━━ MATERIAL SUPPLIED ━━
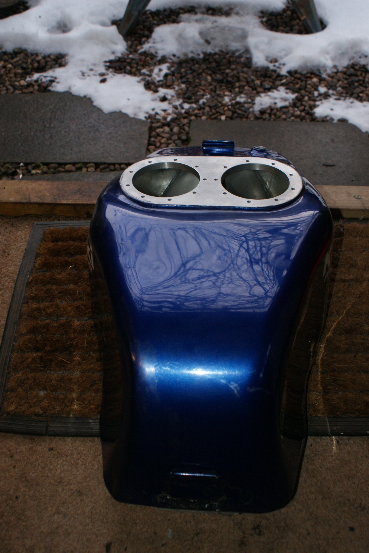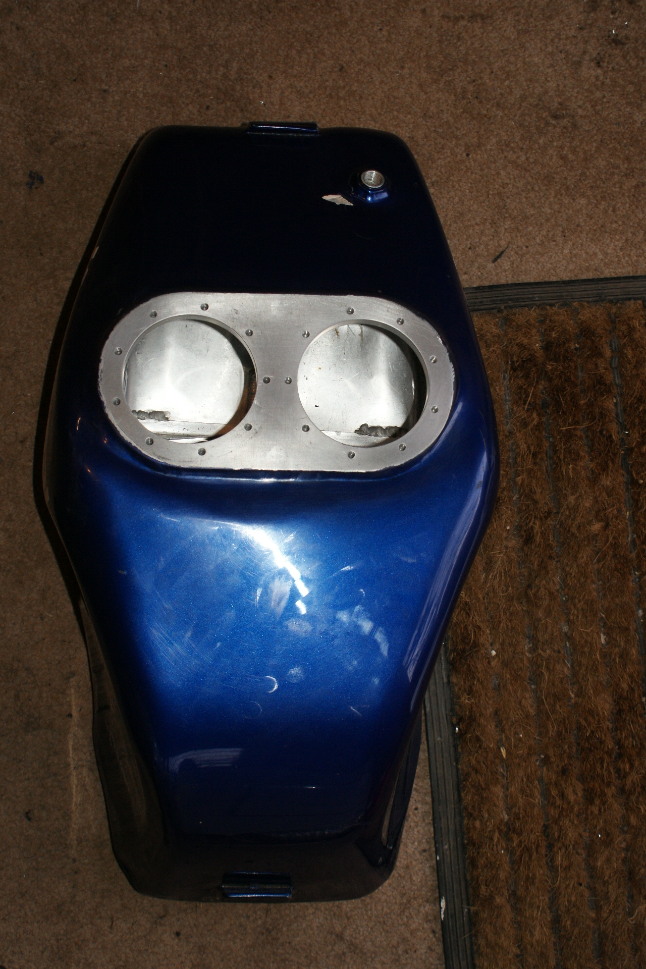 Spent a good hour or so pushing the dent out of the front top of the tank under the breather fitting. End result, dent partially pushed out, found out it was already bogged as well as witnessed by the cracked filler next to the breather. Now need to leak test it somehow?
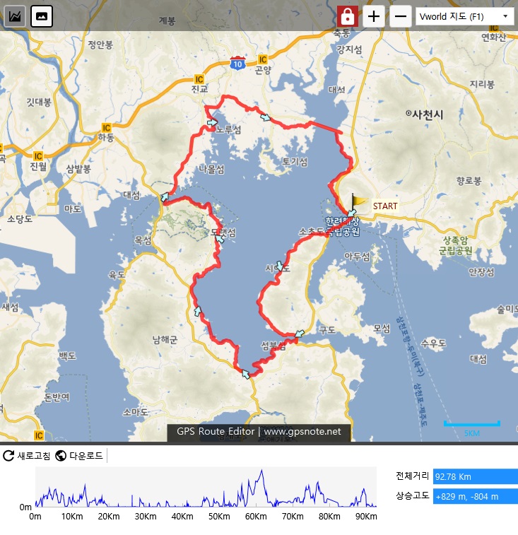 남해군을 안쪽으로 도는 자전거 코스이다. 자전거길 표시가 되어 있지만 자전거 전용 도로가 아니라 자전거길 표시가 되어 있을 뿐인 차도가 많다. 하지만, 차량 통행이 많지 않아서 자전거 타기에 아주 좋은 코스이다. 삼천포 대교공원이 출발지로 좋지만 순환형이라 어디에서 출발해도 좋다. 남해안의 리아스식 해안에 아주 근접하여 달리기 때문에 풍경이 매우 좋은 곳이다. 창선도의 1024번 지방도 구간은 차량 통행이 조금 많지만 다른 경로인 3번 국도를 대부분의 차량들이 이용하므로 3번국도로 가지 않도록 한다. 노량에서 사천대교까지는 일반도로를 달려야 하며 약간의 낙타등 구간이다.
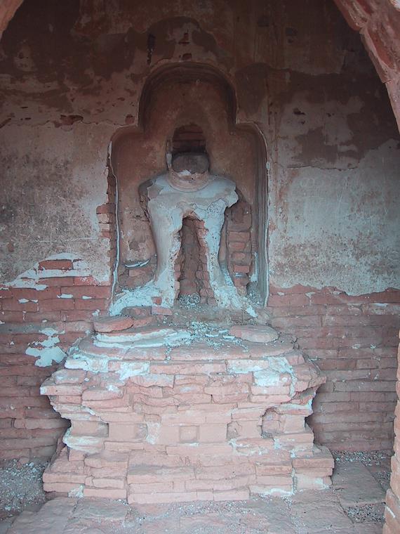 Often jewels are hidden in Buddha statues. Somebody tried to dig these out.
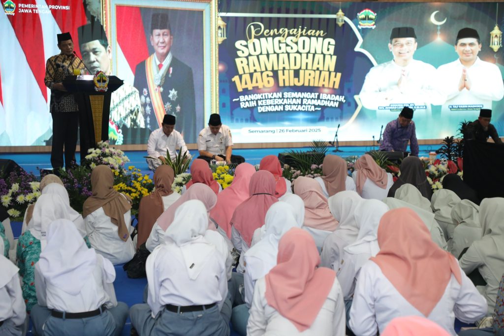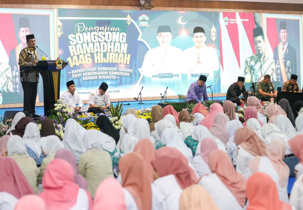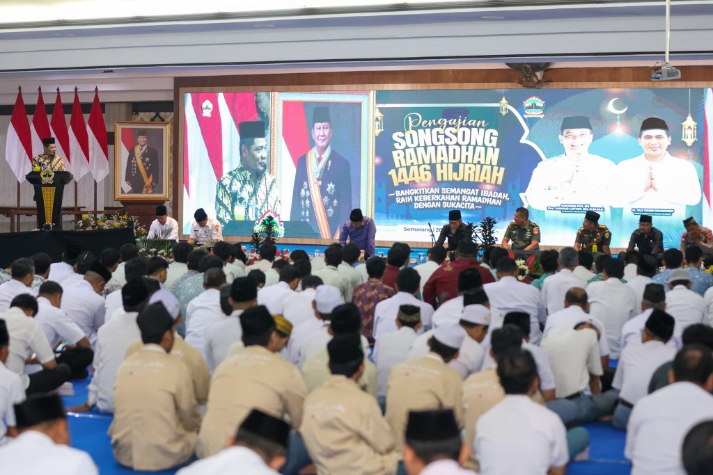 SEMARANG – Menyambut Ramadan 2025, Pemprov Jateng menghelat pengajian, bertema “Spirit Ramadan 1446 Hijriah : Dengan Hijrah Diri Menjadi Lebih Baik dan Bermanfaat untuk Sesama”, Rabu (26/2/2025). Hijrah diri dimaknai sebagai peningkatan ketakwaan serta konsisten pada jalan kebaikan, di bulan puasa dan 11 bulan setelahnya.
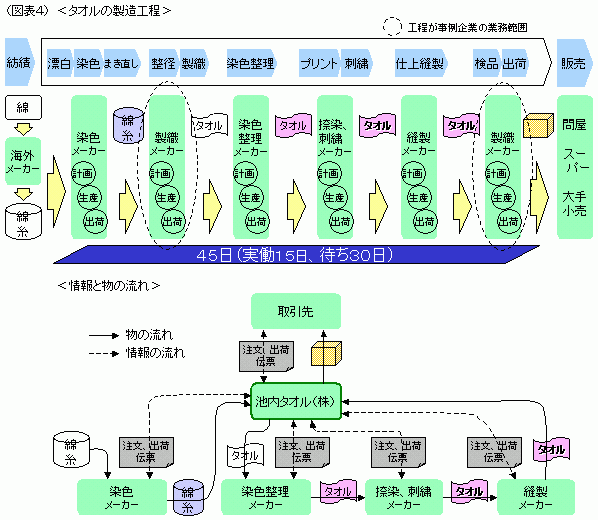 タオルの生産工程はおよそ13工程に分けられる。各々の工程を専門の会社が受け持つ形となっているが、生産・在庫・出荷の情報交換がなされておらず、
━━━
The lines to repeat run from the line containing "SEMARANG – Menyambut" through the end of the listing above, both included; give them exactly and without pictures.

 SEMARANG – Menyambut Ramadan 2025, Pemprov Jateng menghelat pengajian, bertema “Spirit Ramadan 1446 Hijriah : Dengan Hijrah Diri Menjadi Lebih Baik dan Bermanfaat untuk Sesama”, Rabu (26/2/2025). Hijrah diri dimaknai sebagai peningkatan ketakwaan serta konsisten pada jalan kebaikan, di bulan puasa dan 11 bulan setelahnya.
 タオルの生産工程はおよそ13工程に分けられる。各々の工程を専門の会社が受け持つ形となっているが、生産・在庫・出荷の情報交換がなされておらず、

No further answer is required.